Platform-level pooled effects across outcomes
3.3
This analysis represents an overall meta-analysis across outcome domains, aiming to describe the overall effect distribution of studies on different platforms; key conclusions are still based on the stratified results by outcome domains. A random-effects model (REML) was used to conduct a platform-level meta-analysis of the intervention effects of different instant messaging platforms without distinguishing specific outcome domains (see Figure 3). The results showed that the overall effect size of the WhatsApp platform was small but statistically significant (SMD = 0.108, 95% CI: 0.004–0.213; k = 8). The overall combined effect of the WeChat platform did not reach statistical significance, with its confidence interval crossing zero (SMD = −0.227, 95% CI: −0.567–0.113; k = 5). The LINE platform demonstrated a moderate and statistically significant combined effect (SMD = 0.464, 95% CI: 0.247–0.654; k = 3). The Facebook Messenger platform also showed a significant overall effect (SMD = 0.577, 95% CI: 0.103–1.051; k = 4). The Telegram platform had a smaller overall effect size but still reached statistical significance (SMD = 0.191, 95% CI: 0.027–0.355; k = 4). The Naver Band platform had the largest combined effect estimate (SMD = 0.806, 95% CI: 0.165–1.447; k = 4), but its confidence interval was relatively wide.
Figure 3 presents platform-level pooled effects for continuous outcomes estimated using random-effects models (REML).
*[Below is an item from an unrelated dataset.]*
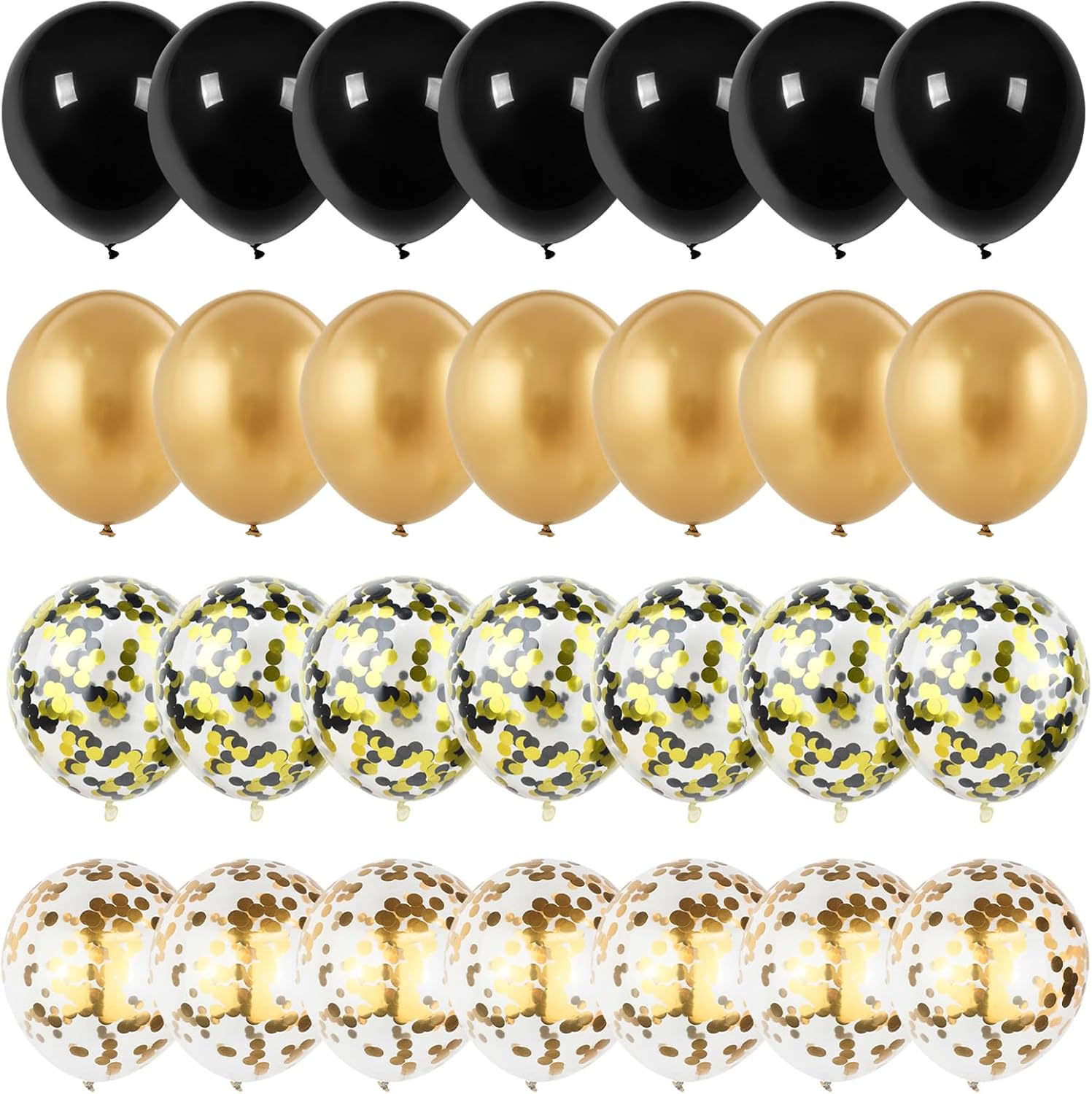 • πŸŽ‰ Black Gold Balloons - You will get 35 pieces 12 inch latex party balloons set, includes matte black 15pcs, metallic gold 12pcs, gold confetti 4pcs, black gold confetti 4pcs, come with 1pc gold balloon ribbon. Perfect for women men birthday baby bridal shower wedding new year party decorations supplies.

When aggregating all eligible continuous outcomes across domains, heterogeneity in pooled effects was observed across platforms. Interventions delivered via Naver Band, Facebook Messenger, LINE, Telegram, and KakaoTalk were associated with positive pooled effects, whereas the pooled estimate for WeChat crossed the null value. WhatsApp showed a small but statistically significant pooled effect (SMD = 0.108, 95% CI: 0.004–0.213; k = 8). These platform-level estimates provide a high-level overview of between-platform variation but do not account for differences across outcome domains. It should be noted that the overall effect at the platform level mentioned above is a combined result across different outcome domains, mainly used to describe the overall distribution characteristics of the intervention effects of different platforms, and does not represent the comparison results among platforms within a single outcome domain.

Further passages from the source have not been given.